ACTIVITY: Pictures stay out of the copy; output exactly the lines from the one containing "З ємністю 4195" through the end of the material.

================================

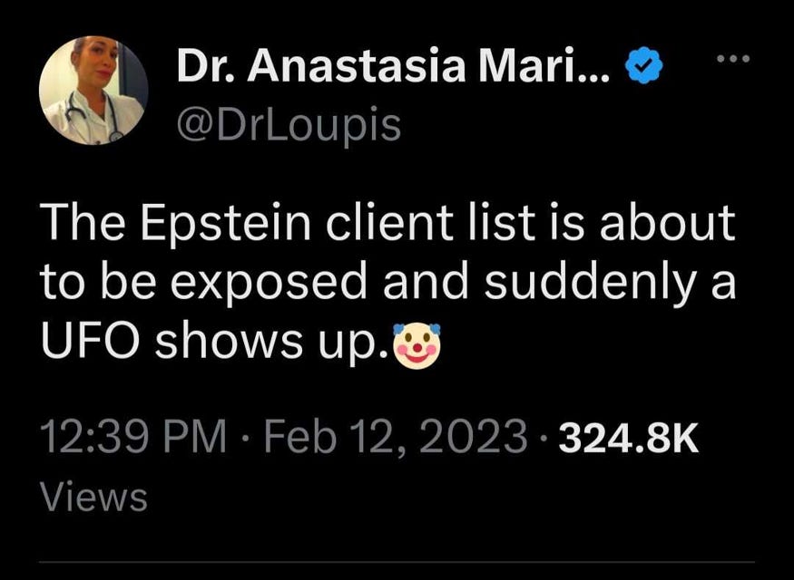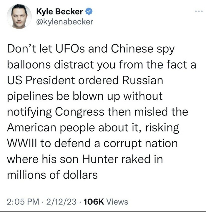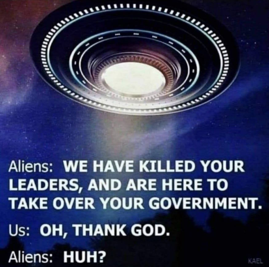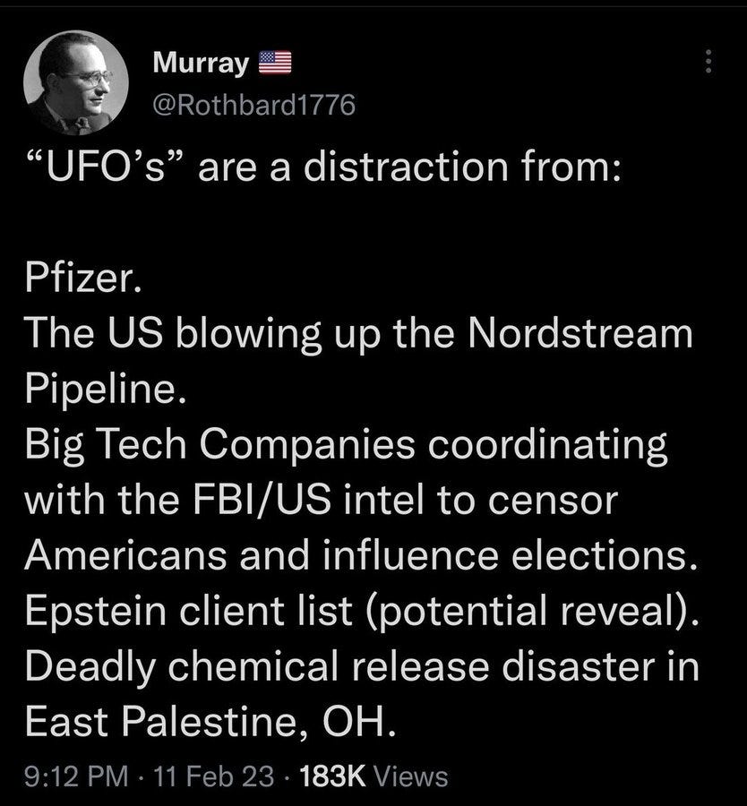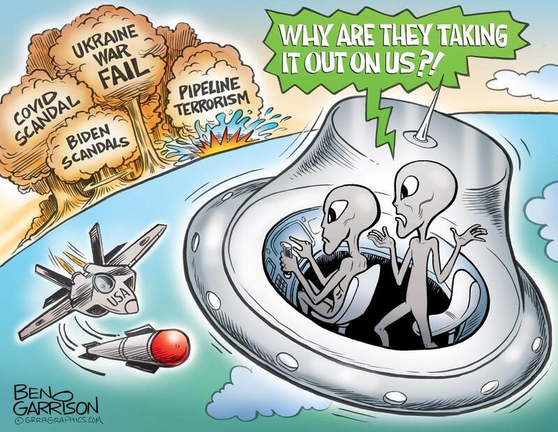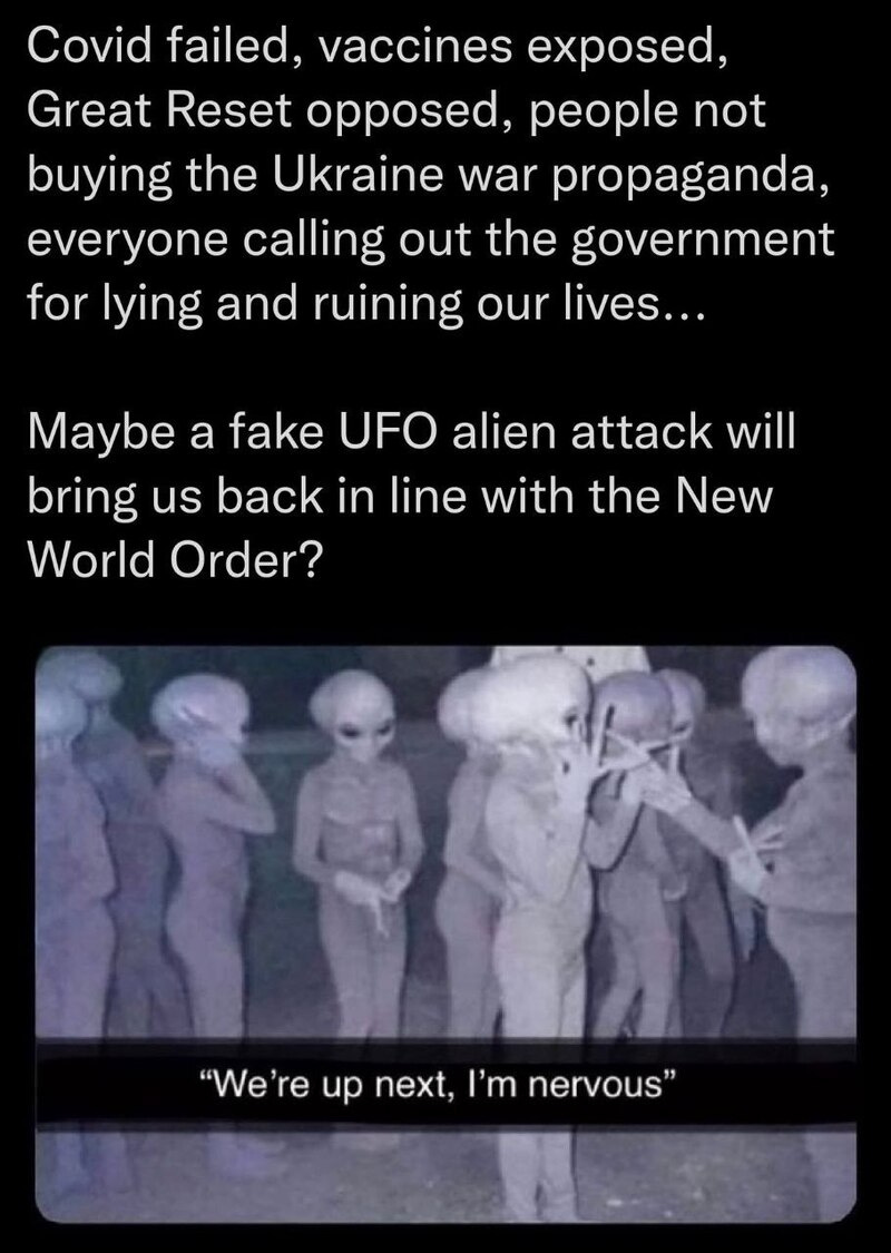With the vaccine narrative unravelling… and the economy imploding… and Ukraine’s military and the front on the bring of collapse… and the revelations the US blew up the Nordstream pipeline… and the Epstein client list… and the Chernobyl-like disaster in Ohio… they need a bigger hoax. Although I can’t believe how quickly we are getting moved from the balloon psyop into the UFO-alien psyop, we are fortunate the meme makers are able to keep up!
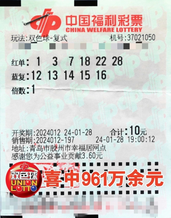 1月28日晚的双色球第2024012期开奖中,开出红球号码01、03、07、18、22、28;蓝球号码15。当期青岛喜中省内唯一1注头奖,单注奖金867万余元,花落胶州市幸福居网点的福彩37021050销售站。大奖得主钱先生凭借一张投注额10元的6+5自选复式票,不但将这1注头奖揽入怀,还同时中得了4注二等奖(单注奖金23万余元),总奖金合计9610173元。
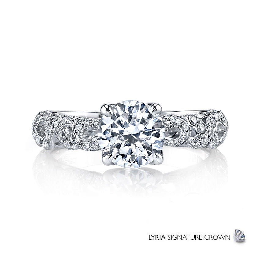 Tapered bands of delicate diamond scrolls climb to a brilliant diamond, set in Parade’s Signature Lyria Crown.
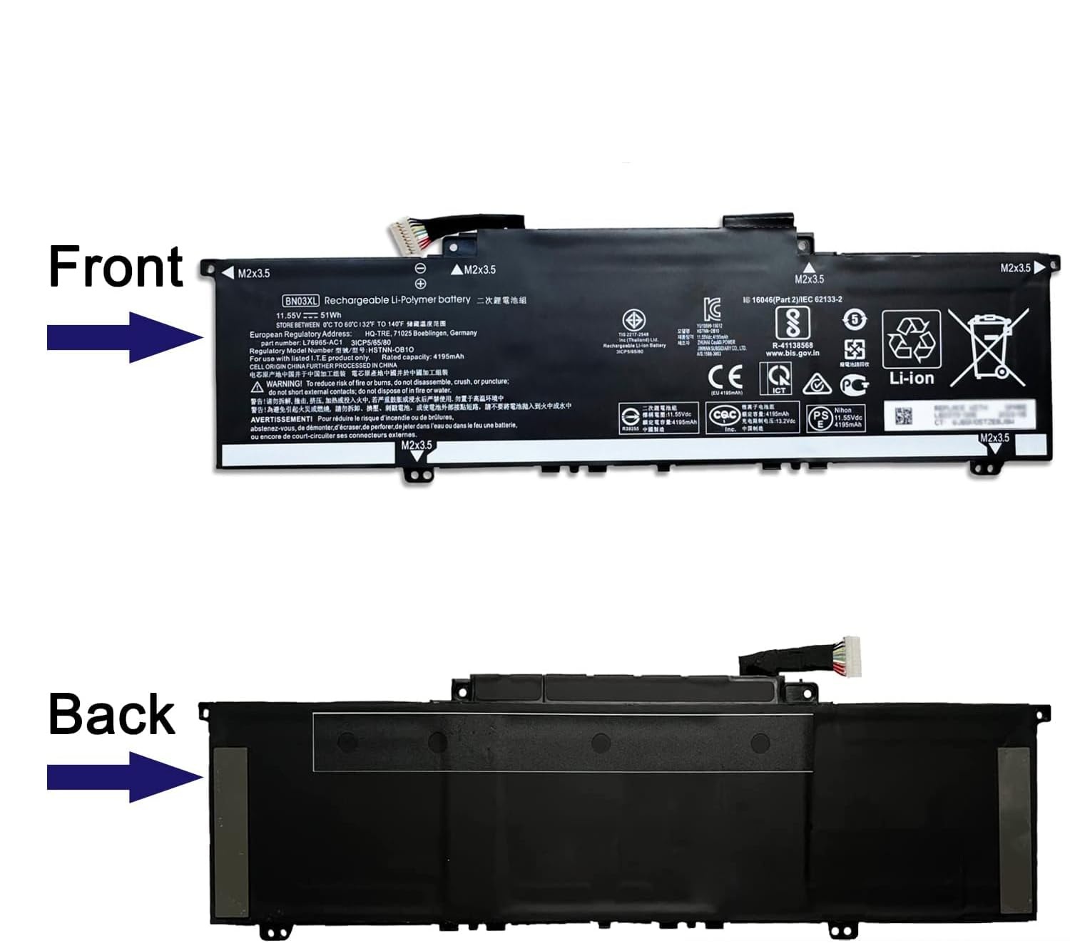З ємністю 4195 mAh (мАг) та рейтингом напруги 11.55 V (В) і міцності 51 Wh (Вт/год), ця батарея забезпечує достатню потужність для тривалого використання. Позбудьтеся частого заряджання та насолоджуйтесь батареєю, яка відповідає вашому активному способу життя.
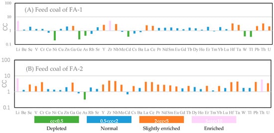 Concentration coefficients (CC) for trace elements in the feed coals for FA-1 and FA-2, normalized to average trace-element concentrations in world hard coals from Ketris and Yudovich, 2009 [47].
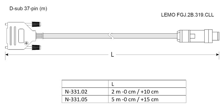 Adapter cable, LEMO 19-pole (f) to D-sub 37 (m), 2 m
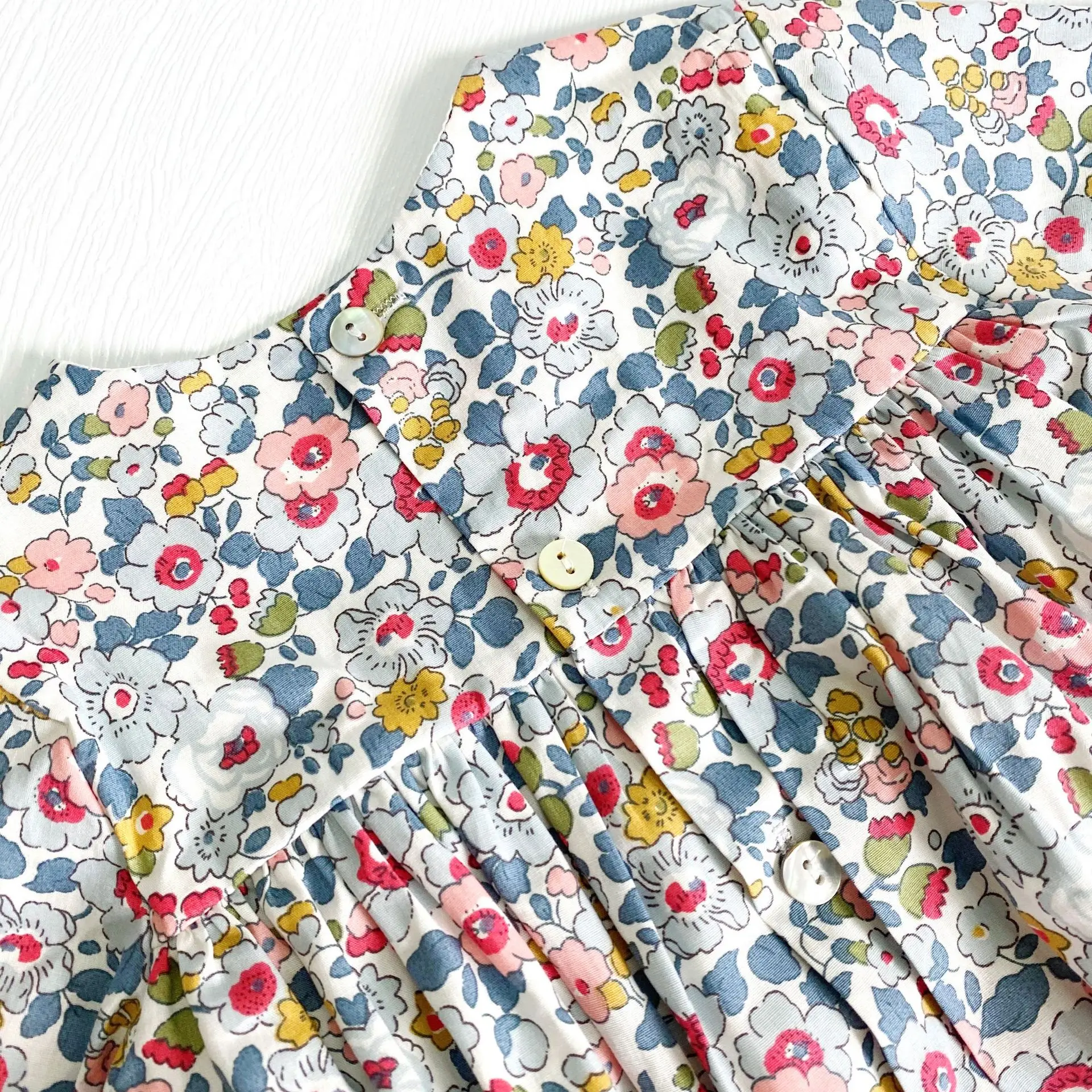 This long sleeve floral dress with a back closure is perfect for your little one to wear this season. The floral smock dress is comfy and soft and suits your little girl on her adventure. It's ideal for the little fashionista in your life! It features delicate flowers all over and is a picture-perfect style that can be dressed up or down.
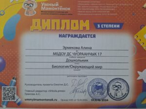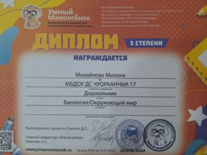 | 3 | Михайлова Таяна | 2021г | Международный конкурс «Умный мамонтенок» | Диплом 3 степени |
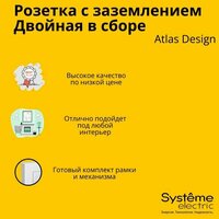 Розетка электрическая двухместная Systeme Electric Atlas Design с заземлением, в сборе 16А, Аквамарин ATN001124 — 10 шт.: сравнение цен, характеристики, фото, актуальное наличие и цены.
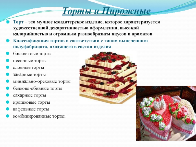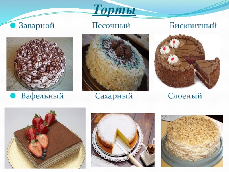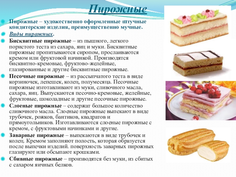 Виды пирожных.
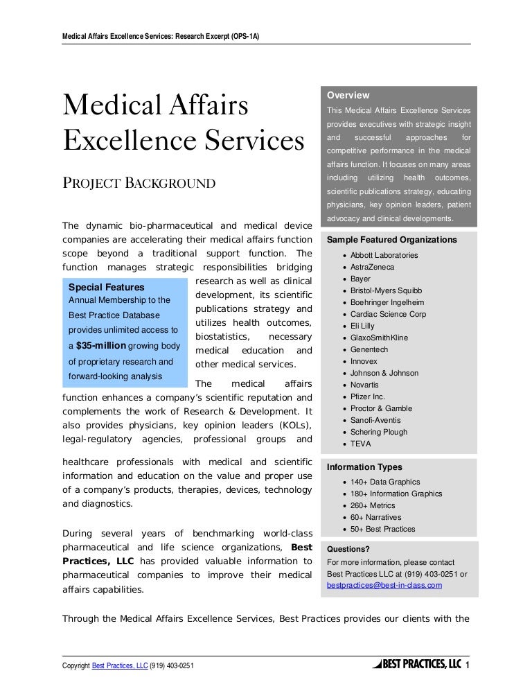 Medical Affairs Best Practices Database Provides Benchmarking Insights Success Failure Analogs And Various Critic Medical Education Health Economics Medical
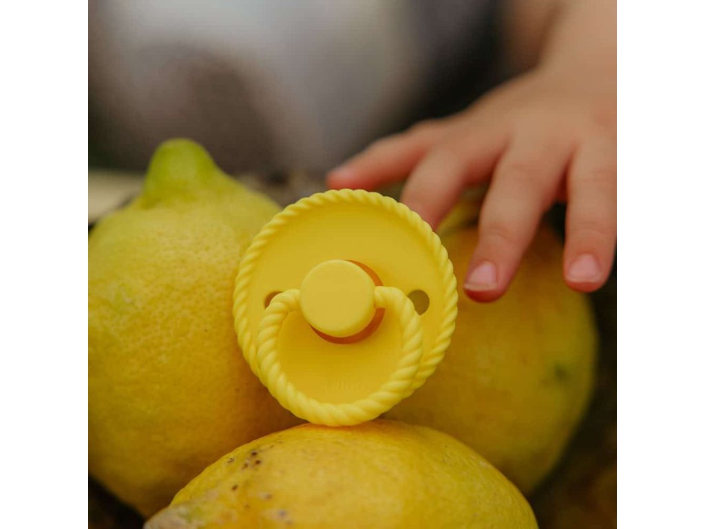 Kerek kaucsuk cumi, 6-18 hónapos korú gyermekek számára alkalmas, kötél mintával.

================================

COMPLETED TASK:
З ємністю 4195 mAh (мАг) та рейтингом напруги 11.55 V (В) і міцності 51 Wh (Вт/год), ця батарея забезпечує достатню потужність для тривалого використання. Позбудьтеся частого заряджання та насолоджуйтесь батареєю, яка відповідає вашому активному способу життя.
 Concentration coefficients (CC) for trace elements in the feed coals for FA-1 and FA-2, normalized to average trace-element concentrations in world hard coals from Ketris and Yudovich, 2009 [47].
 Adapter cable, LEMO 19-pole (f) to D-sub 37 (m), 2 m
 This long sleeve floral dress with a back closure is perfect for your little one to wear this season. The floral smock dress is comfy and soft and suits your little girl on her adventure. It's ideal for the little fashionista in your life! It features delicate flowers all over and is a picture-perfect style that can be dressed up or down.
 | 3 | Михайлова Таяна | 2021г | Международный конкурс «Умный мамонтенок» | Диплом 3 степени |
 Розетка электрическая двухместная Systeme Electric Atlas Design с заземлением, в сборе 16А, Аквамарин ATN001124 — 10 шт.: сравнение цен, характеристики, фото, актуальное наличие и цены.
 Виды пирожных.
 Medical Affairs Best Practices Database Provides Benchmarking Insights Success Failure Analogs And Various Critic Medical Education Health Economics Medical
 Kerek kaucsuk cumi, 6-18 hónapos korú gyermekek számára alkalmas, kötél mintával.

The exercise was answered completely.